Engineering Structure & Acceptance Tests

Directory Structure

  • EdgeVisor/: Core C++/Vulkan inference engine
  • config/env.sh: Unified environment variables
  • scripts/semantic/: CPU/GPU semantic regression & distributed scripts
  • scripts/gpu/: GPU PP, patch regression & debug scripts
  • tests/semantic/: Six benchmark regression tests
  • docs/test_records/: Test records
  • maintenance/: Historical patches & debug configs
  • artifacts/: Historical logs & experiment results

Six Acceptance Tests

  1. CPU single-machine test
  2. GPU single-machine test
  3. CPU non-uniform static test
  4. GPU non-uniform static test
  5. CPU non-uniform dynamic migration test
  6. GPU non-uniform dynamic migration test Run all via run_six_benchmark_tests.sh to get input, UDS commands, token output, speed, and performance profiling.
5

Section 05

Use Cases & Significance

EdgeVisor applies to:

  • Home AI Lab: AI enthusiasts can build local clusters to run open-source LLMs without cloud services or expensive hardware.
  • Edge Computing Prototype: Researchers verify distributed edge inference feasibility and scheduling strategies.
  • Education: Students learn distributed systems, GPU programming, and LLM inference engineering.
  • Low-resource Environments: Local distributed inference is an alternative to cloud in network-limited or data-sensitive scenarios.
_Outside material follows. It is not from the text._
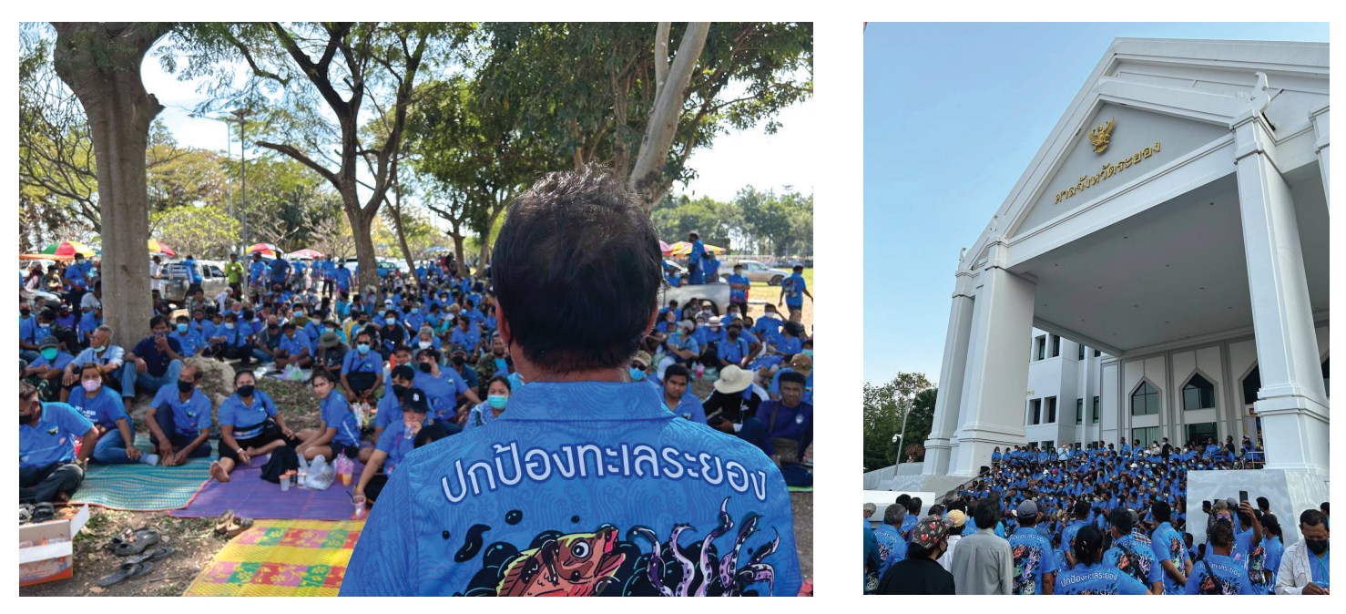
Plaintiffs wait for news near the Rayong Administrative Court, January 2023. Their blue shirts say: "Protect Rayong Sea."

We will keep you informed of Rising Sun's progress in this challenging case.

Its core value: Democratizing AI infrastructure for ordinary users.

6

Section 06

Limitations & Future Directions

Current Limitations

  • Network Dependency: Distributed inference is sensitive to bandwidth/latency; WiFi performance may lag wired networks.
  • Quantization Support: Mainly q40/q80; full-precision needs adaptation.
  • Model Compatibility: Based on Distributed Llama, supports Llama series; other models need porting.

Future Plans

  • Smarter dynamic load balancing algorithms
  • Network-aware adaptive sharding strategies
  • Better fault tolerance and recovery mechanisms
7

Section 07

Conclusion

EdgeVisor explores aggregating consumer devices into a unified computing pool for edge AI inference. While not production-ready (needs improvements in maturity), its idea of letting ordinary users build distributed AI infrastructure has important democratization significance. It's a valuable starting point for developers wanting to understand distributed LLM inference or experience cluster inference on a budget.